Competitive Edge Brixmor focuses on open‑air shopping centers anchored by grocery and other necessity‑based retailers. This gives the portfolio a defensive tilt, since people still need to visit these locations regularly, even in weaker economies or when more spending moves online. The company’s strategy of acquiring underperforming centers and upgrading them has created a repeatable playbook for unlocking value. Its deliberate choice to keep many rents below current market levels provides a built‑in growth lever as leases roll over. Clustering properties in key markets helps with local market knowledge, cost efficiency, and stronger relationships with major tenants. Overall, Brixmor’s advantage is less about owning trophy assets and more about disciplined, hands‑on execution in everyday, necessity‑driven retail.


Innovation and R&D

Innovation and R&D While not a technology company, Brixmor has leaned into data analytics and digital tools to sharpen its decisions on leasing, redevelopment, and portfolio management. A dedicated analytics function and investments in cloud systems, customer data, and digital collaboration help the team identify which centers to upgrade, which tenants to target, and how to improve returns on each project. On the property side, the company is using energy‑efficient lighting, smart sensors, reflective roofs, and rooftop solar to reduce costs and environmental impact, supporting both profitability and ESG goals. Its long‑running program to improve the quality of anchor tenants and merchandise mix is another form of innovation, focused on tenant mix rather than pure technology. Future innovation is likely to be evolutionary—better data, smarter redevelopments, and deeper ESG efforts—rather than transformational.


Summary

Brixmor appears to be a steady, strategy‑driven retail REIT built around necessity‑based, grocery‑anchored shopping centers.
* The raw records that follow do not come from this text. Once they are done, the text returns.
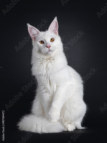 Majestic young adult solid white Maine Coon cat, sitting up facing front. Nice muzzle and big ears. Looking beside camera with golden eyes and one paw elegant lifted up. Isolated on a black background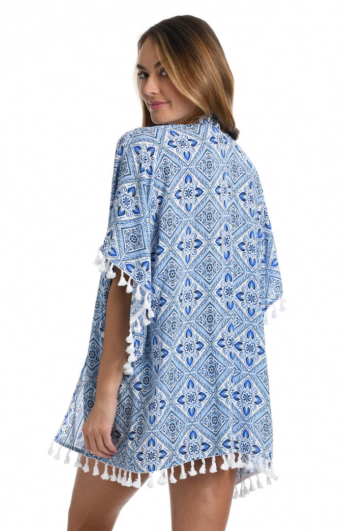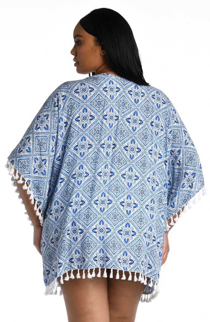 The artful mosaic on this kimono takes its cue from the azure blue waters of the Mediterranean. It has a breezy, square cut design and a casual open front for throw-on-and- go ease. Tassels at the sleeves and at the hem add a playful finishing touch. Pair with your suit or layer over a casual ensemble for statement-making style.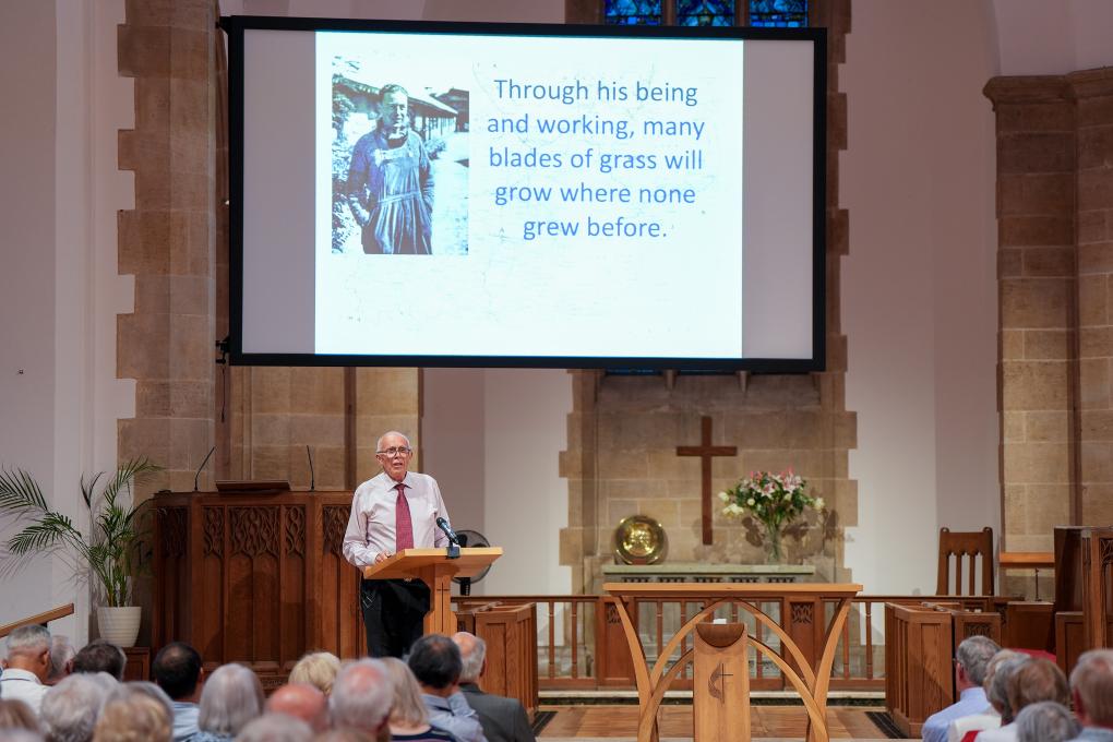 7月22日晚,英國赫特福德郡哈彭登鎮(zhèn),何克逝世80周年紀念活動現(xiàn)場,座無虛席。屏幕上,一幀幀畫面定格下何克在中國的身影與足跡。講臺上,何克的外甥馬克·艾爾溫·托馬斯深情講述80多年前的往事。

Financially, it shows a pattern of gradual revenue and earnings growth, improving cash flow, and a relatively stable asset and debt profile. Profitability looks solid at the property level, with earnings recovering well from pandemic lows. The company’s competitive edge lies in its value‑add redevelopment strategy, below‑market rents that create organic growth potential, and a focus on clustering properties in chosen markets. Its use of data analytics and sustainability initiatives supports more efficient operations and long‑term relevance, even though it is not a technology‑heavy business. The main watchpoints are continued execution on redevelopment projects, maintaining strong leasing spreads, and managing leverage prudently in a higher‑rate environment, all while navigating leadership transition without losing strategic focus.